One busy session blocks all other sessions, cleanup tasks, and new session creation. The entire broker becomes unresponsive.

Reproduction

  1. Open Thread A, ask the agent to run a long command (e.g., flutter build linux)
  2. While Thread A is busy, open Thread B and send any message
  3. Thread B hangs indefinitely — get_or_create waits for the write lock

Root cause

HashMap::get_mut requires &mut self, forcing a write lock on the entire map to access one connection.

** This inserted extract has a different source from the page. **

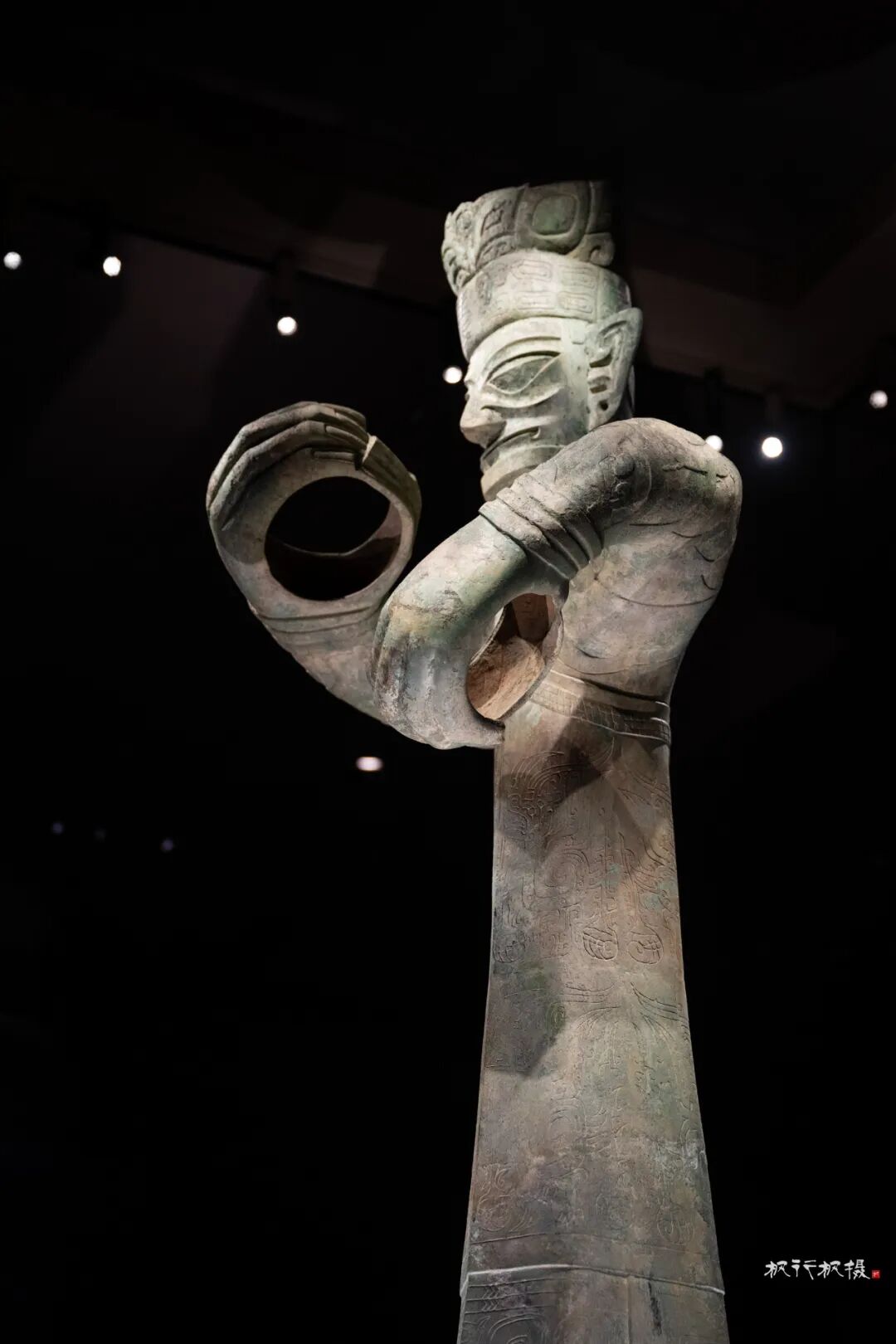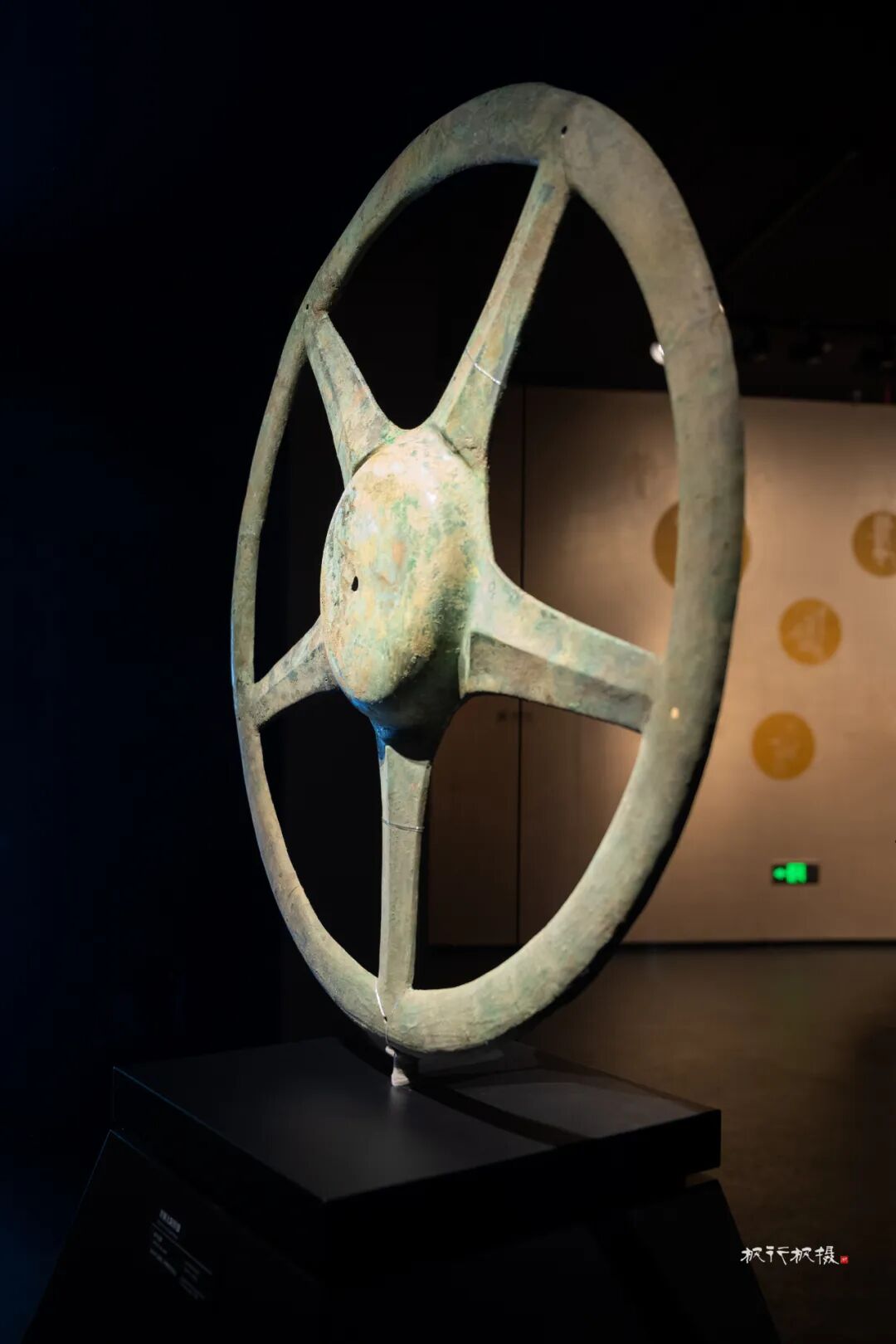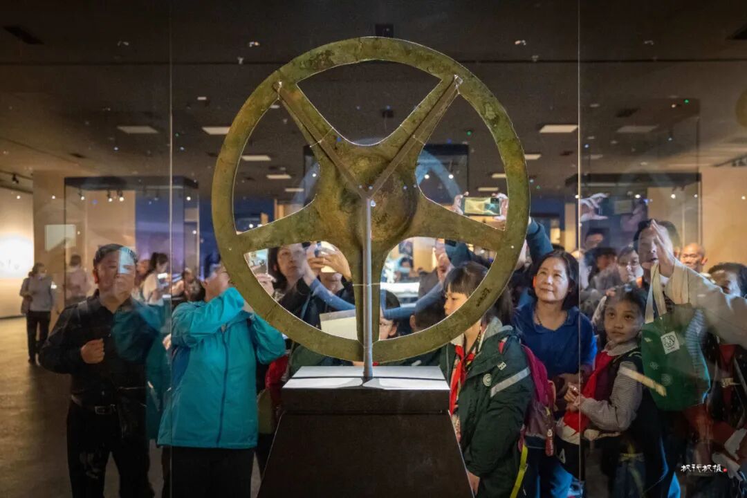 青铜太阳轮的五根支撑柱呈现近乎完美的五等分,因造形似现代汽车方向盘而变身网红,吸引着镜头。

The lock is held inside with_connection for the full streaming duration:

pub async fn with_connection(&self, thread_id: &str, f: F) -> Result<R> {
    let mut conns = self.connections.write().await;  // global write lock
    let conn = conns.get_mut(thread_id)?;
    f(conn).await  // held for minutes
}

Solution

Per-connection locking

Replace HashMap<String, AcpConnection> with HashMap<String, Arc<Mutex<AcpConnection>>>.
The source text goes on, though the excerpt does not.